Optimization of SoE and Parallelization

The optimization of the SoE described above suggests a way to parallelize (some of) our computation. Suppose we’ve already computed all primes up to, say 100, and stored these primes in an array int[] smallPrimes. Since every composite integer up to 10,000 (= 100 x 100) has a prime factor that is at most 100, the SoE will find all primes up to 10,000 after we remove multiples of the primes in smallPrimes. Moreover, the tasks of finding primes between 1,000 and 1,999 (say) and finding primes between 2,000 and 2,999 can be done indpendently (given shared access to smallPrimes). This observation suggests a way of breaking down the problem into tasks: first find “sufficiently many” small primes using the sequential SoE, then use these small primes to find larger primes in parallel.

Coordination

Using the SoE to generate an array of primes (as implemented in Primes.java) consists of two logically distinct steps:

  1. Compute the array boolean[] isPrime.
  2. Use isPrimes to compute the actual array int[] primes of prime numbers.

The first step more computationally intensive, but it can be parallelized as suggested above (at least once some small primes are found). The second step is relatively faster, but it should be done sequentially to ensure that the primes appear in sorted order.

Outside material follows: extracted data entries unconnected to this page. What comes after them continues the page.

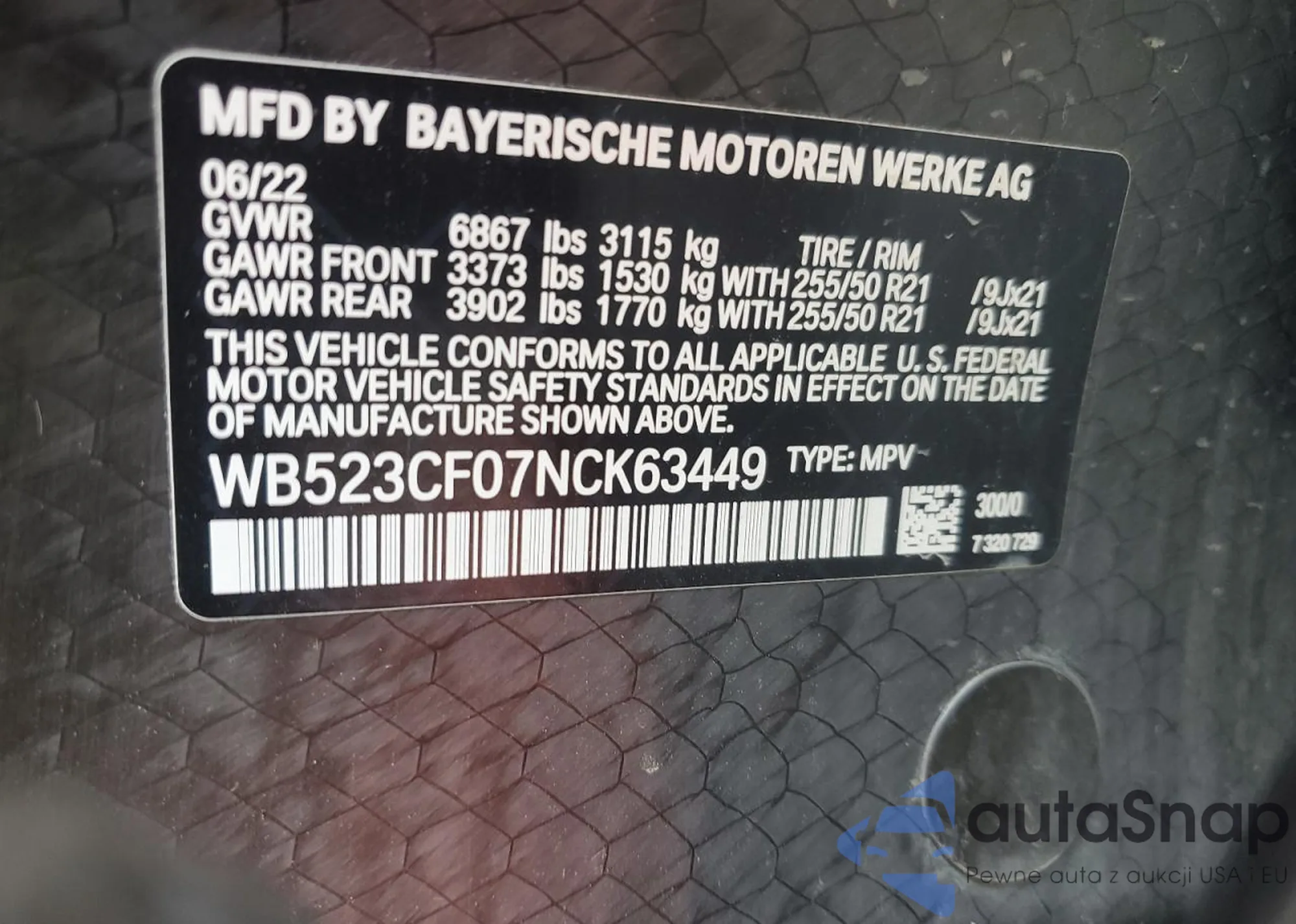 VIN: WB523CF07NCK63449
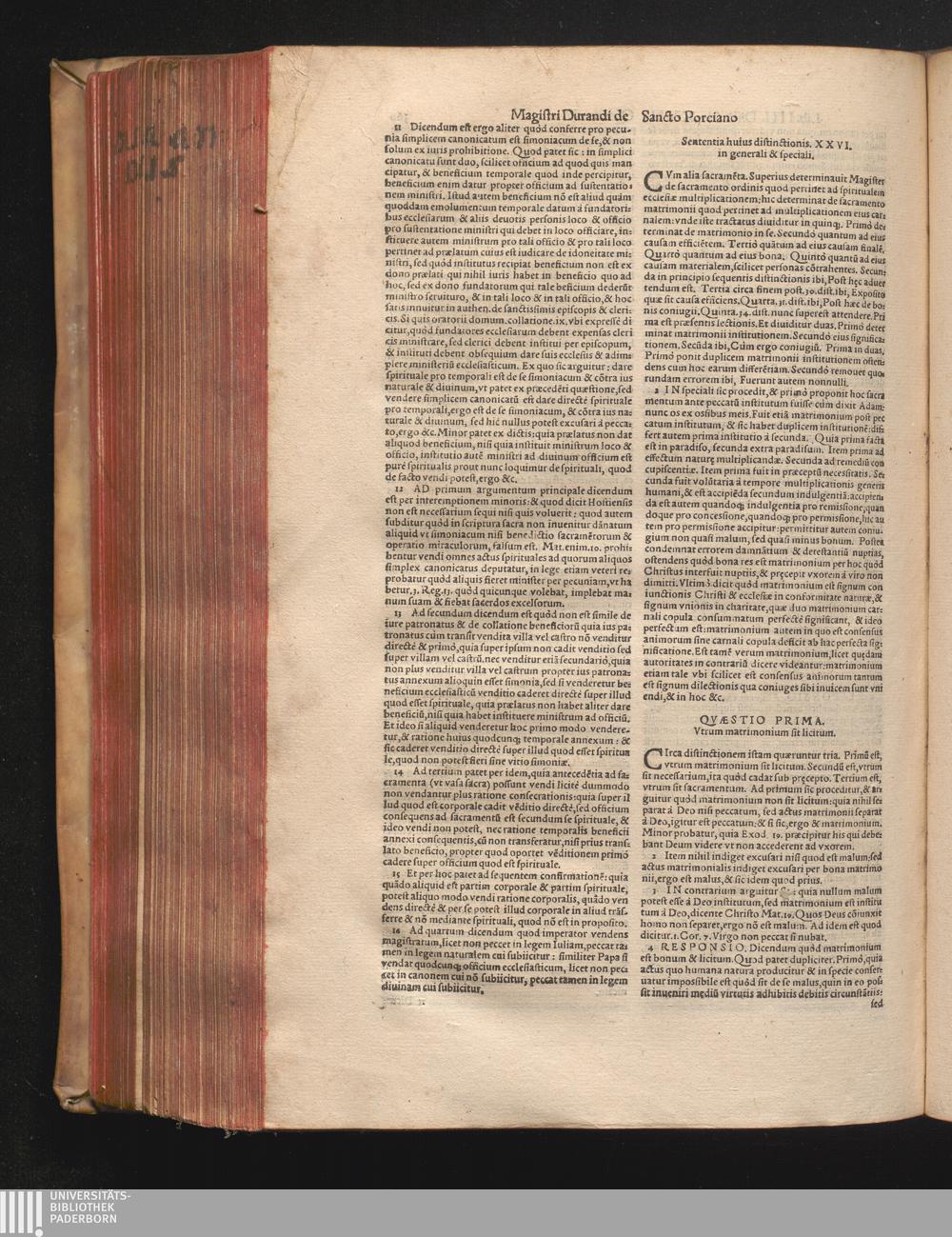 DN. DVRANDI|| à Sancto Portiano, in Senten=||tias Theologicas Petri Lombardi|| Commentariorum libri|| quatuor.|| / Primùm quidem per Nicolaum à Martimbos, eximium Nauarrensis|| Collegij Theologum, nunc verò denuo per alios quosdam|| non inferioris notæ Doctores quanta fieri po-||tuit cura diligentiáque emendati.|| Vná cum Auctoris Vita, & copiosissimo|| decisionum omnium|| Indice.||
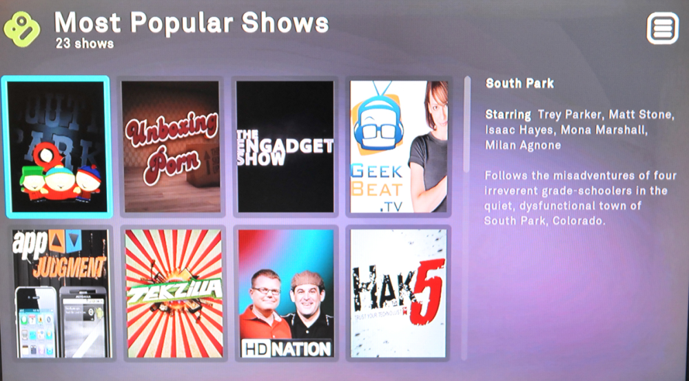 Heldigvis gør Boxee det næsten godt igen med Apps. Det er et menupunkt, der - som navnet antyder - indeholder en masse småprogrammer. Der findes i skrivende stund over 130 forskellige, og de giver dig blandt andet adgang til videopodcast.
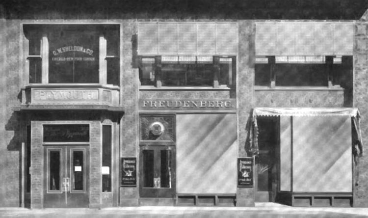 One of his most outstanding developments was the Plymouth building at 417 South Dearborn Street, Chicago, completed in 1899. It displays the influence of his former employers, Adler and Sullivan: The two-story building is a mix of early steel-frame construction and an early example of cast-metal Sullivanesque with two primary facades on both South Dearborn Street, and Plymouth Court.
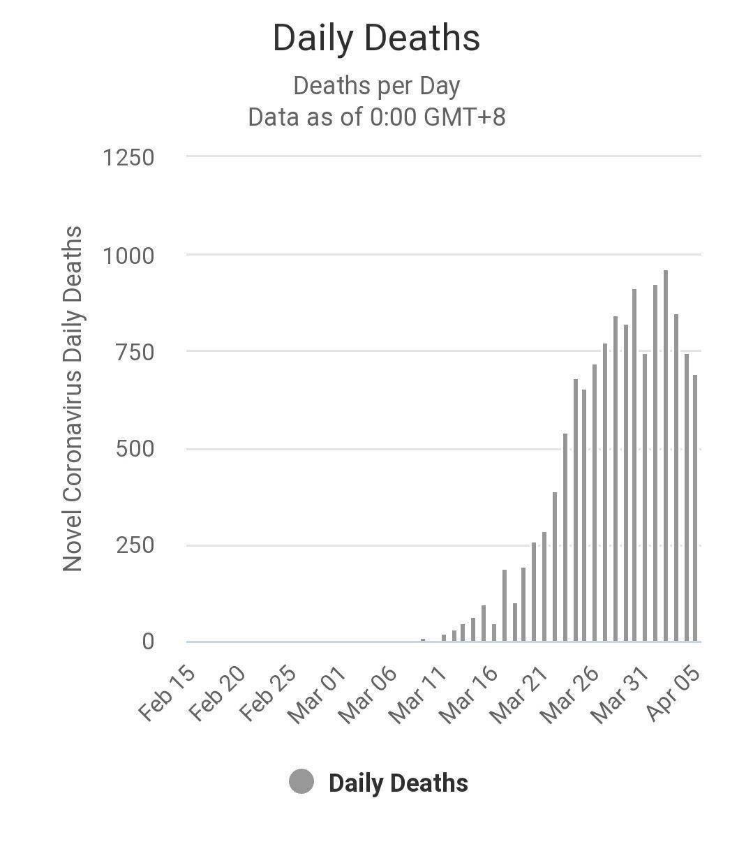 По состоянию на понедельник, 6 апреля, смертность от коронавируса в Испании начала снижаться.
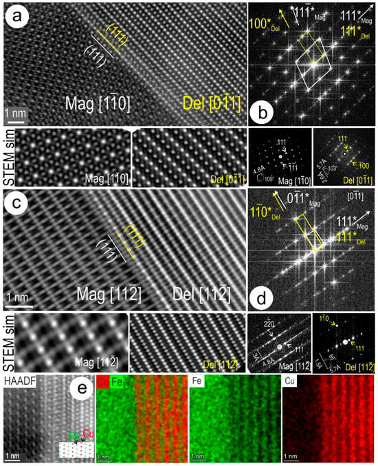 High-resolution HAADF-STEM images (a,c) and corresponding fast Fourier transform (FFT) patterns (b,d) showing epitaxial, straight contacts between magnetite (Mag) and delafossite (Del) lamellae on two zone axes for each phase as labelled in square brackets. STEM simulations for each phase are shown beneath the images. Separate FFT patterns for magnetite and delafossite are also shown for comparison. Interplanar distances are also marked. In both cases, magnetite and delafossite are coherent along (111) planes. (e) High-resolution image and STEM EDS maps showing the distribution of Cu and Fe at the boundary between [10]Mag and [01]Del. Fe and Cu model for delafossite as overlay on the image.
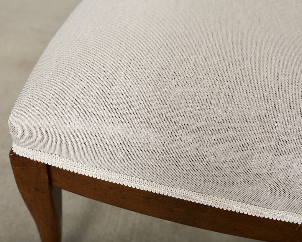 Condition: Good, wear consistent with age and use. Reupholstered. Beautifully crafted with solid joinery and construction. Newly upholstered seat cushions as seen in photos. Very good, well-preserved condition. Age appropriate wear with minor chips, scuffs, and light scratches as expected.
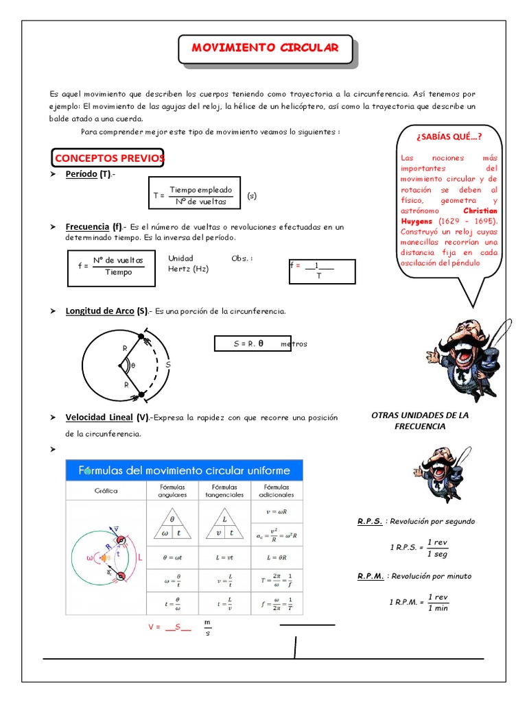 2. Una rueda da 50 vueltas en 5 segundos. 10. Un cuerpo que gira a rapidez constante y

This suggests using two distinct types of tasks: one type of task that performs step 1 (which can be parallelized), and another type of task that performs step 2. You might invoke many type-1 tasks, while a single type-2 runs concurrently to write primes.

You may find it useful that Executors in Java assign tasks to threads in the order the tasks are added (using the execute method). This does not guarantee that the first task submitted will be the first task completed. Thus you will need to ensure that the type-2 task waits until it has the “next” block of primes to write. To this end, you may find it helpful to use a concurrent data structure in which completed type-1 tasks can place their output while the type-2 task waits for the appropriate task to be completed. You can find a complete list of built-in concurrent data structures in the Java API documentation here.